Hmmm, I see your 2666 Luri. So far no red wedding yet. We only got hors d’oeuvre from yesterday’s soiree.
The confluence of the SMAs is really fascinating to me. The 20, 50 and 200 plus the rounding top from Feb 9 low looks so similar to the 7/9/15 low w/ the 20 & 50 sma kissing each other.
Difficult to get long because of the potential downside risk.
liz,
i am heavily leaning toward the triangle formation…….
as above you can see the first wave B is a triangle that occurs at a zone of wave 4’s that occurred on the upside……[the two close orange lines running through the yellow circle……………
this wave B is of degree size larger, but is also playing out between a zone of wave 4’s that occurred on the upside………[the two red lines with price labels]……………………………. this is fractal behaviour.
i am expecting the E wave to fall very short……..
https://invst.ly/6q7pz
You might want to consider a flat.
Peter, here is an example of the flat you’re refering to?
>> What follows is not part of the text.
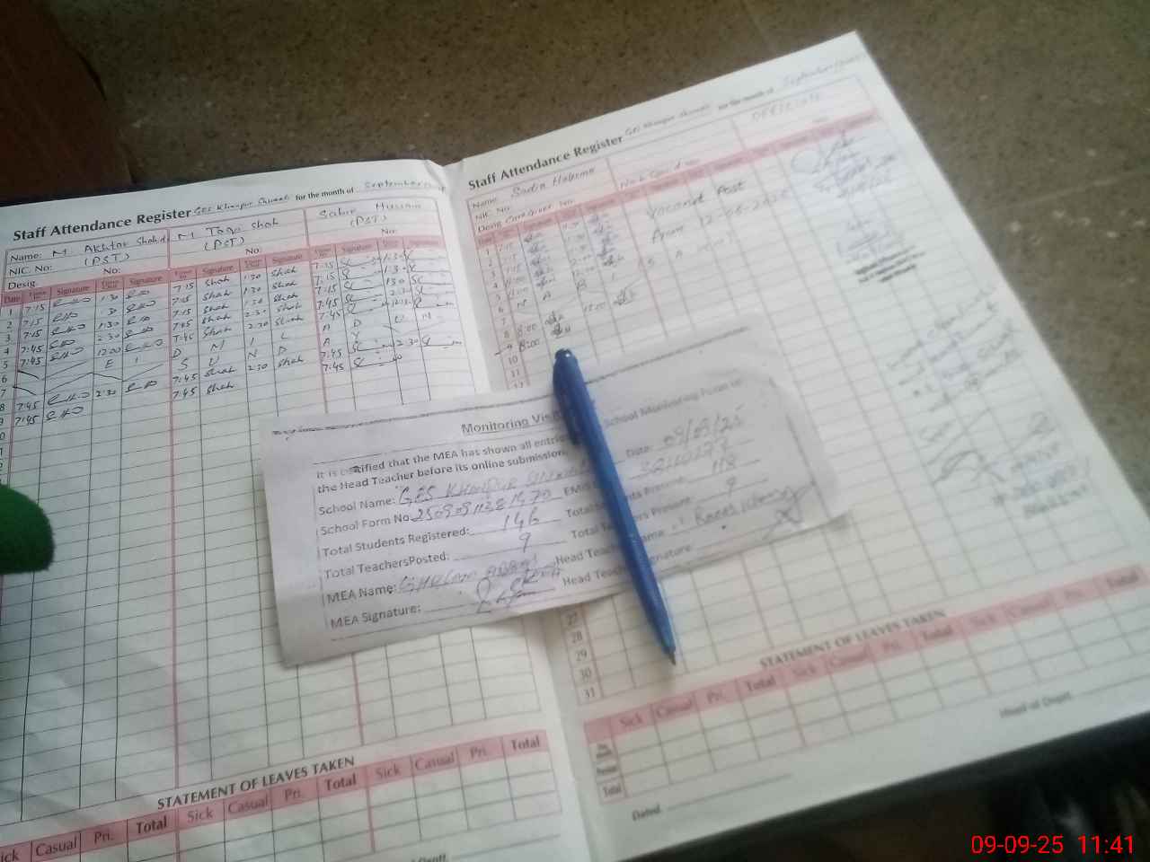 | Attendance Register | Head Teacher | MEA with School | Visit Proof |

https://www.optionszone.com/images/gallery/bullish-chart-patterns/ascending-triangle.jpg
Continuing with the July 2015 fractal, short green candle printed on 7/22/15. And today is 2/22! The swing low was 7/27/15. If the timing follows through then:
7/27/2015 200sma retest or 78.6% fib retrace holds = 2/27/2018, John’s swing low.
chop, chop, chop
8/12/15 200sma breach == 3/12/18 ??
8/18/15 swing hi == 3/16/18 opex
The 4-day red wedding begins 3/19/18??
Nope, but try this: http://www.elliottwave.net/educational/basictenets/basics3.htm
My dates are:
A low on Feb 26/27,( today same patern like yesterday down ,up, and later down again break the 2700 floor?.
After that up again till March 7.
So March 7 will be important a serious brake to the down side?
O.K. today the last HIGH and then we go down till the end of 28 feb.
1 Feb is big up so be prepared. http://prognoseus500.simplesite.com/
After that is a big decline But wait until the red line confirms it.
Astrology gives the 9th of march as turning point to go to the same as the beginning of the year but not for long. So we must go up after the 9 march with big numbers. Other indicators also gives 9 of march or 12 march as turn higher.
March 9-12 could well be a high of some significance…
My near term indicator is far more simple, althoughI hav to say I am amazed at those of you who can glean useful market information from external sources. For me, below 50 day is near term bearish, above, bullish. It will be interesting to see how the various predictions play out.
whooooaaaaa…..there verne…………………..dem is “fightin” words…….!
if you make it too- too ……….simple…………..then what are the “complicates” supposed to do for a living……….- huh……………..”what??”
……………and the sun rises…………………………
ES…………..https://invst.ly/6qlxi
I like your FIPLuri. Let’s see how long the charade lasts. Perhaps 11:11 then slip down the ice again?
liz……………..
do you “really” like my FIP??……………….thanks…….it was hand sewn, in silk………by the creative house of “Dianne Von Furstenberg” ………….cool huh! :-))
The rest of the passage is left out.